◆ Data provided ◆
* * *
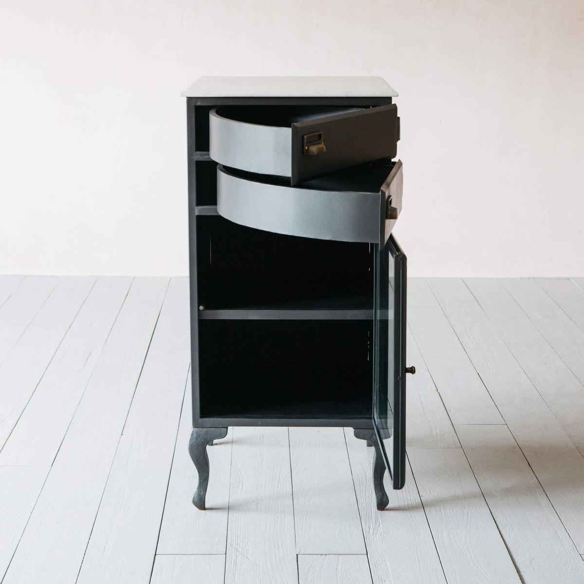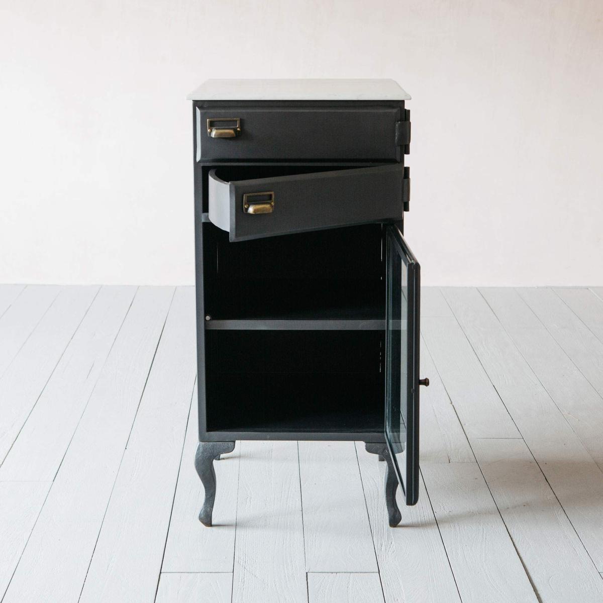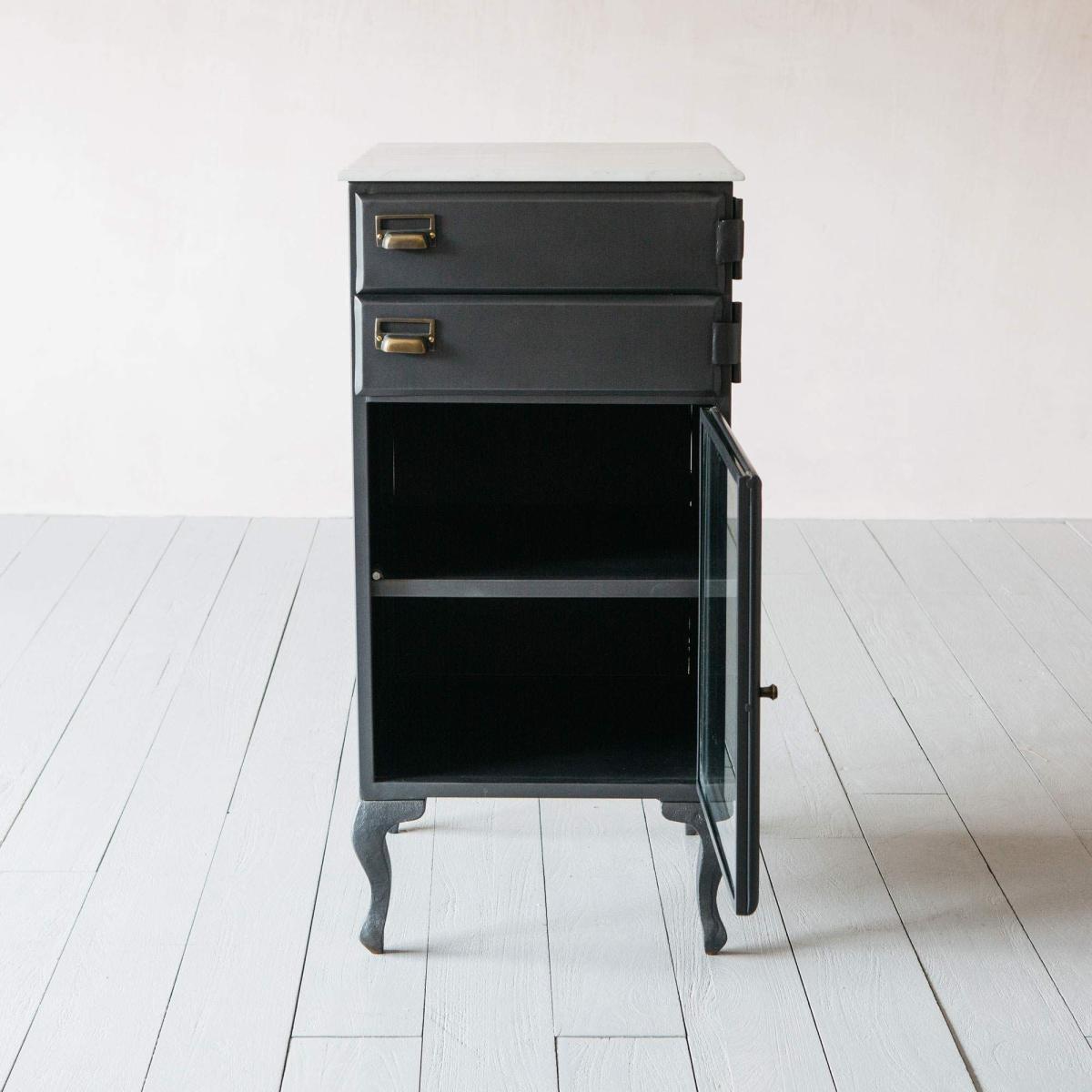 Our contemporary, tall Mikko cabinet is crafted from weighty iron with a polished, white marble top. A blend of rustic and industrial design, this cabinet boasts a solid iron frame, scroll-shaped legs and a glass-fronted cabinet - perfect for displaying items you'd like to find quickly.
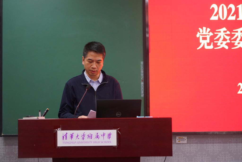 领导班子和成员述职评测后,根据清华大学党委的部署,附中党委开展党委委员述职,党委委员王田、尹粉玉、张苏、党胜军依次进行述职。
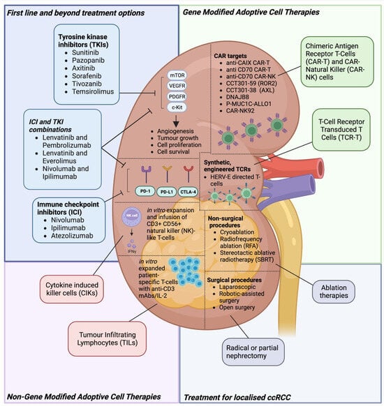 Overview of Treatment Modalities for clear cell RCC (ccRCC). The figure provides a comprehensive overview of the diverse treatment modalities employed for ccRCC. Surgical interventions and radical or partial nephrectomy employ various approaches for direct kidney or tumour removal. Tyrosine kinase inhibitors (TKIs) such as Sunitinib, Pazopanib and Axitinib disrupt critical signalling pathways associated with angiogenesis and cell proliferation. Immunotherapeutic agents, immune checkpoint inhibitors (ICIs) such as Nivolumab and Ipilimumab, enhance the immune response against cancer cells. Additionally, cytokine-induced killer cells (CIKs) and tumour-infiltrating lymphocytes (TILs) involve the selection and in vitro expansion of tumour-reactive cells, infused back into the patient for enhanced cytotoxicity. The emerging field of gene-modified adoptive cell therapies for ccRCC, specifically focusing on Chimeric Antigen Receptor T-Cells (CAR-T) and CAR-NK cells, is highlighted. This includes promising CAR-T therapies targeting CAIX, CD70, AXL, ROR2, and DNAJB8, with ongoing phase I/II clinical trials representing advancements in this area. Additionally, engineered T-cell receptors (TCRs), exemplified by HERV-E-directed TCR-T therapy, are designed to recognize intracellular tumour-associated antigens, presenting a promising avenue for personalized treatment in ccRCC.
* * *
◆ Exercise requirements ◆
Exact output of each line above is wanted, without the pictures.

◆ The answer ◆
 Our contemporary, tall Mikko cabinet is crafted from weighty iron with a polished, white marble top. A blend of rustic and industrial design, this cabinet boasts a solid iron frame, scroll-shaped legs and a glass-fronted cabinet - perfect for displaying items you'd like to find quickly.
 领导班子和成员述职评测后,根据清华大学党委的部署,附中党委开展党委委员述职,党委委员王田、尹粉玉、张苏、党胜军依次进行述职。
 Overview of Treatment Modalities for clear cell RCC (ccRCC). The figure provides a comprehensive overview of the diverse treatment modalities employed for ccRCC. Surgical interventions and radical or partial nephrectomy employ various approaches for direct kidney or tumour removal. Tyrosine kinase inhibitors (TKIs) such as Sunitinib, Pazopanib and Axitinib disrupt critical signalling pathways associated with angiogenesis and cell proliferation. Immunotherapeutic agents, immune checkpoint inhibitors (ICIs) such as Nivolumab and Ipilimumab, enhance the immune response against cancer cells. Additionally, cytokine-induced killer cells (CIKs) and tumour-infiltrating lymphocytes (TILs) involve the selection and in vitro expansion of tumour-reactive cells, infused back into the patient for enhanced cytotoxicity. The emerging field of gene-modified adoptive cell therapies for ccRCC, specifically focusing on Chimeric Antigen Receptor T-Cells (CAR-T) and CAR-NK cells, is highlighted. This includes promising CAR-T therapies targeting CAIX, CD70, AXL, ROR2, and DNAJB8, with ongoing phase I/II clinical trials representing advancements in this area. Additionally, engineered T-cell receptors (TCRs), exemplified by HERV-E-directed TCR-T therapy, are designed to recognize intracellular tumour-associated antigens, presenting a promising avenue for personalized treatment in ccRCC.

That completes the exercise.